Some of you have been following our story from last week regarding the woman we named Lenore and the nipple shaming she had received from her employer. We then updated that story yesterday upon discovering that a second employee, whom we’ll call Julia, had received an even more harsh reprimand because of her Philippino accent. Never mind the fact that Julia has worked hard on her English and probably speaks better than 70% of the Americans who walk through the business doors. Because someone had complained, the owner of the business considered the accent a problem.
After we made that update, the owner of the business called Lenore and proceeded to thoroughly shame every aspect of her physical appearance, from her face to her footwear. Lenore was left in tears, totally humiliated for simply being human.
Earlier this morning, we received a message from Julia announcing that she was quitting her job.
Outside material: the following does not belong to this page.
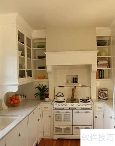 11、 厨房墙面收纳设计巧妙,充分利用空间,既有带玻璃门的吊柜,也有嵌入式搁架,摆放喜爱的装饰碗碟与书籍,让烹饪空间兼具实用性与书香韵味,洋溢着浓厚的文化氛围。
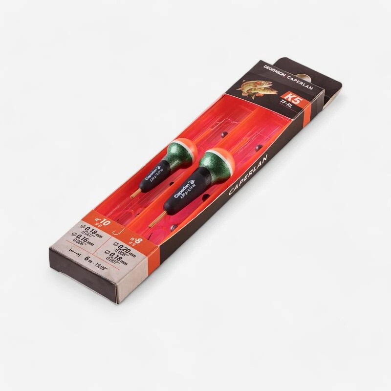 Conçu pour la pêche des petits carnassiers et de la truite en rivière avec des appâts naturelsKIT de 2 lignes prêtes à être montées sur le corps de ligne, équipées de flotteurs toulousains adaptés à la pêche en rivière et d’hameçons pour pêcher avec des appâts vivants.

Lenore has not yet given official notice but plans to do the same later this morning.
We need to get it through our thick heads that we are all human and we need to show respect for those aspects of our humanity that are inherent to our being. We need to stop fat-shaming people who have thyroid and other physical conditions that make it impossible for them to safely lose weight. We need to stop beauty-shaming women who refuse to damage their skin by wearing an overabundance of makeup. We need to stop making fun of people’s language accents; at least they are bilingual, something the people doing the shaming can seldom say. We need to stop drawing attention to people’s body parts; whether breasts are big or small is totally irrelevant, as is their nipple size.
Showing respect for human beings means taking a look at things such as dress codes and eliminating gender bias and unnecessary restrictions that do not have a direct correlation to the duties being performed. We need to move beyond the Disney-induced notion that the less attractive a person is the more evil and unacceptable they must be. Disparaging people simply for being human is not something a progressive society can allow to continue.
Unfortunately, in far too many cases, we seem to be moving in the opposite direction. We actually have a leading contender for the office of President who routinely shames and makes fun of other people. His comments about women and minorities have been absolutely deplorable and represent the absolute worst aspects of being human. There is no excuse. There is no way to justify such deplorable behavior on the part of anyone.
While you may have a right to say what you wish, you have a responsibility to know when to keep your fucking mouth shut. If what you are about to say shows disrespect and/or discrimination toward another person, shut the fuck up! The circumstances are irrelevant. The media is irrelevant. Even the actions of the other person are irrelevant. You have a responsibility to show respect to all people, regardless of physical appearance, gender, race, national origin, sexuality, mental acuity, emotional stability, medical ailment, or physical challenges. If you fail to live up to that responsibility in any way, shape, or form, then you are WRONG.
Humans can be absolutely horrible creatures and do well to fear the presence of a more objective and intelligent being that might consider our faults justification for our demise. The only thing that stands in our defense is that we have the ability to change and to move beyond our shortcomings.
We need to get busy and start changing. Show respect for being human. Learn when to keep your mouth shut and start supporting other people rather than looking for ways to tear them down.